David Leggat is a Herald sport writer

Cricket: New Zealand keen on day-night test

By David Leggat

The time zone difference means playing effectively in the same hours as day-night one-day internationals could have strong financial spinoffs.
The time zone difference means playing effectively in the same hours as day-night one-day internationals could have strong financial spinoffs.

New Zealand supports the idea of playing day-night tests, but wants to tick several boxes first.

Cricket Australia has revealed plans to host a day-night test using a pink ball against New Zealand in late 2015, when New Zealand next cross the Tasman.

New Zealand Cricket is keen on the concept, sees plenty of upsides, but the proposal needs, in chief executive David White's words, to "go through a few hoops" first.

"We see a lot of merit in seriously looking at it," White said.

"We would have to trial it in New Zealand, and need to discuss it with the players. We want to make sure our players are comfortable with the concept and have the appropriate preparation."

Brisbane, Melbourne and Adelaide are to host Sheffield Shield first-class games under day-night conditions this summer. Brisbane and Adelaide are seen as the favoured venues to host a test under lights.

New Zealand are due to play three tests on that trip.

The pink ball has been through several stages of development and is much improved from previous versions.

There is also a commercial angle for New Zealand should its studies show there is the chance of hosting a day-night test in this country.

The time zone difference with the Northern Hemisphere, and particularly the lucrative Indian market, means playing effectively in the same hours as day-night one-day internationals could have strong financial spinoffs.

NZC's main challenge, assuming the ball proves a success, and there are no lighting issues, is finding a venue, and time during the season, which is least affected by early-mid evening dew. NZC is yet to do those checks.

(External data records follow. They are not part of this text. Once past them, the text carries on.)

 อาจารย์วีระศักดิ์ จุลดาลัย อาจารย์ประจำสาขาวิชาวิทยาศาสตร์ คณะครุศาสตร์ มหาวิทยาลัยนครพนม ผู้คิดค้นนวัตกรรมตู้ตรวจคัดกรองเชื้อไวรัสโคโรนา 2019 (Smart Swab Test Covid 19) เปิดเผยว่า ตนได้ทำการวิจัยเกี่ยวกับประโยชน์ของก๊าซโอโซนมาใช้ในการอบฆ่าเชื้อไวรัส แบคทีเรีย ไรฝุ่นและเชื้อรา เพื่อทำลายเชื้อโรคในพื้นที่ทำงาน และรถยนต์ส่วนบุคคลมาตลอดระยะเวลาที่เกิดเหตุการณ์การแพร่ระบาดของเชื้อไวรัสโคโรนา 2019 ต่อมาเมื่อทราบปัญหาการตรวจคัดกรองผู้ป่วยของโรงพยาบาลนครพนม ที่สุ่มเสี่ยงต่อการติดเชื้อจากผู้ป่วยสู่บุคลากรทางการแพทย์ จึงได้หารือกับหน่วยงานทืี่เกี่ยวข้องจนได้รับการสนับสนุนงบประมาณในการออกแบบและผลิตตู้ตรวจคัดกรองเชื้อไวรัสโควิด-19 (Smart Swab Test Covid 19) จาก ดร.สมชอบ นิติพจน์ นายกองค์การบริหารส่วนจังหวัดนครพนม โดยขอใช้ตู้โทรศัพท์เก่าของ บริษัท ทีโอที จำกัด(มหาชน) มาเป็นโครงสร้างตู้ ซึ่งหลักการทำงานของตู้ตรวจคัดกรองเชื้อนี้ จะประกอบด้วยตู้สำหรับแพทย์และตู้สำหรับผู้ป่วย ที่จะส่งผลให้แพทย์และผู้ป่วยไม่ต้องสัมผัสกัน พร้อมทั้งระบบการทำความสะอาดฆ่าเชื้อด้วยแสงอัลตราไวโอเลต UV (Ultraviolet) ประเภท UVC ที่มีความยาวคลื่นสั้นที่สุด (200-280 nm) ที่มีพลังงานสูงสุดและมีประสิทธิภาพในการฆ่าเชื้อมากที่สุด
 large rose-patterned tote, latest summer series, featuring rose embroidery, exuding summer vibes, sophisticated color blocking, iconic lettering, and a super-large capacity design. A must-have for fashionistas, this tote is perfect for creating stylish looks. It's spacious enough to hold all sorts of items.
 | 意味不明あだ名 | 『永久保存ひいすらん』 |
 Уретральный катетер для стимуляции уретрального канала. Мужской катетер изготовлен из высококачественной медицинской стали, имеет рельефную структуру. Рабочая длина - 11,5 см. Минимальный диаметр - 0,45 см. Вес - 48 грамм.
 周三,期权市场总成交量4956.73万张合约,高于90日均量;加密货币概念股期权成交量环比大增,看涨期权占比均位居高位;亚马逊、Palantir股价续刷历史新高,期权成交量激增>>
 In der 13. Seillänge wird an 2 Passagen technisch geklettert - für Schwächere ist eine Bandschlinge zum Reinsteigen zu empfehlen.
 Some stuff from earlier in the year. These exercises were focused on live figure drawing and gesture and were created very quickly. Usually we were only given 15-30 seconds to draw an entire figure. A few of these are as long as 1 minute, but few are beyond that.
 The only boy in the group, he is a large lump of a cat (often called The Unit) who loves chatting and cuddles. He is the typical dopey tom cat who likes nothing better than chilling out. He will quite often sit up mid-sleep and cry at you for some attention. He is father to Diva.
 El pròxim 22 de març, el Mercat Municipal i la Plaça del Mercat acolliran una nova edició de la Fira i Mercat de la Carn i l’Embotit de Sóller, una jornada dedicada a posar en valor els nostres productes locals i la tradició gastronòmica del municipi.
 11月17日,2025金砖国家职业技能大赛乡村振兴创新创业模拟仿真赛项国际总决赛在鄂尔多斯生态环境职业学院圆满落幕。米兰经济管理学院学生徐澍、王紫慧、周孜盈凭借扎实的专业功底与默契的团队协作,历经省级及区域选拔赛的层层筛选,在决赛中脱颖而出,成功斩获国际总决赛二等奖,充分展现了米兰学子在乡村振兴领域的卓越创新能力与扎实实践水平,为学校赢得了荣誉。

CA has been exploring day-night tests for several years with concerns over how to keep test cricket as a public attraction.

The popular Boxing Day and New Year's Day tests, usually staged in Melbourne and Sydney respectively, remain strongly supported. However, that's not the case elsewhere at other times in the Australian summer.

"A lot of test cricket takes place when people are at work and kids are at school. If those matches could be played as day-night matches, they could come in after work and the television experience is there," said CA CEO James Sutherland.

He said there might need to be some tinkering, but "for the sake of the game and of growing audiences we need to see through some of the reasons why not".

NZC is advertising for a replacement for the departed Australian John Buchanan as general manager high performance this weekend. The successful candidate is expected to be announced in about a month.